Riv - V4 you go - make sure your V is happy in the water !!!!!!! MSW is right get a good vest - let me add - get 1 with handles - so you can lift the pup back into the canoe !!!!!!!!


----------



## Canadian Expy (Feb 27, 2013)

As a canoe tripper who wants to introduce our pup to white water tripping eventually, we have been doing gradual introductions. He is getting better and better in a canoe, but the sound of rapids causes him to become somewhat exciteable and anxious since he is not used to that sound, and movement of the canoe. Each trip we go on we try to hit some very small rapids to get him use to the sound, and movement of the canoe as it goes over them (the last thing I want him to do is to jump ship when I'm trying to control the bow o). Our boy is 2.5 years, and we have been working on it for the past 2 summers, and continue to this year. 

Perhaps your pup is less cautious than mine and may be fine, but I would be cautious to jump in too quickly, as the last thing you want is the pup to be fearful of something you want to do for years to come.
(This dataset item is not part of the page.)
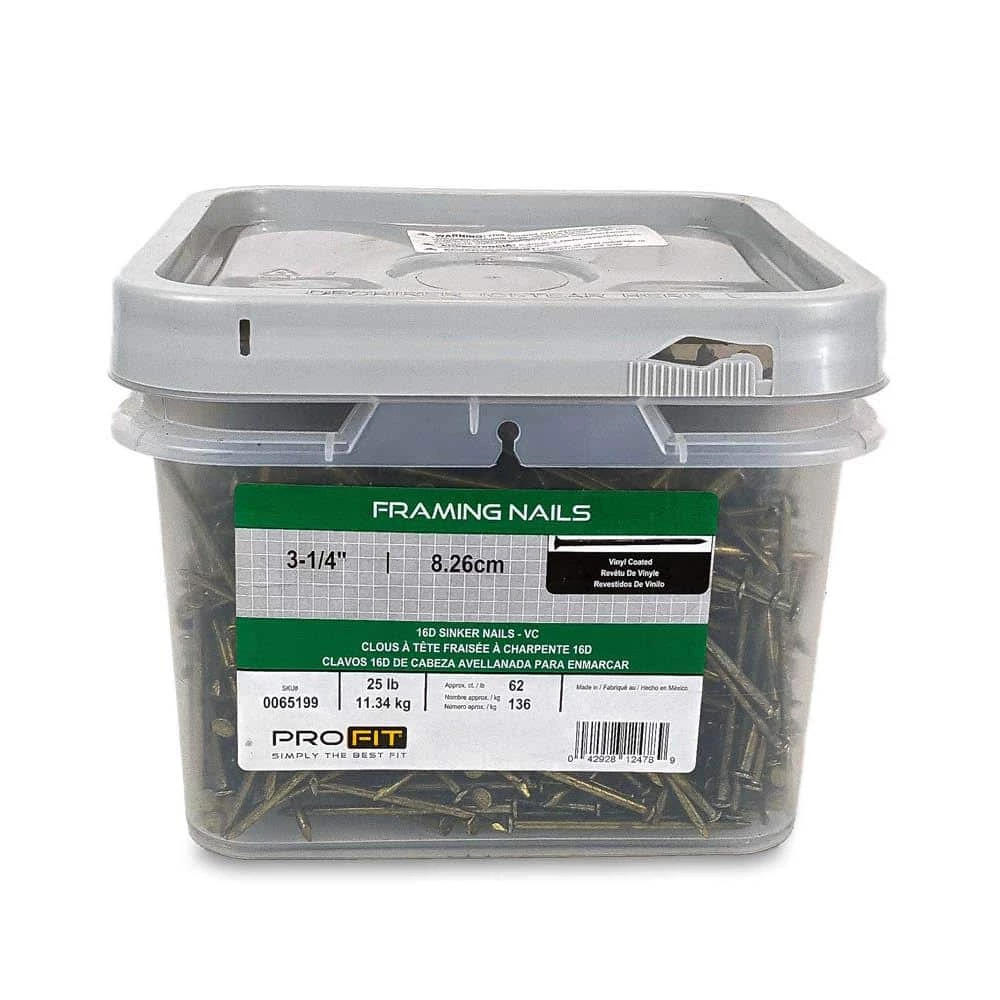 PRO-FIT sinker nails are for general interior construction, carpentry, and framing projects where construction lumber is being used. They are vinyl coated, which provides lubrication to improve driving speed and holding power. The flat countersunk head features a checkered pattern that keeps the hammer from slipping during the strike, providing a sure connection and easy drive.

It's easy to control a 4 months old pup in a canoe, far less so with our 65 lbs male who can easily capsize you  (our problem)

I would absolutely get a lifejacket with a handle for easy retrieval should you need it. For now since your pup is growing I would get a cheaper one, but once full grown I would invest in a quality, comfortable jacket. 

I would also get some sort of mat for the canoe that allows the dog to have traction, as this is a comfort in itself when you have a canoe that is isn't on nice flat open water. When they lose traction, they can panic. 

Good luck and let us know how it goes


----------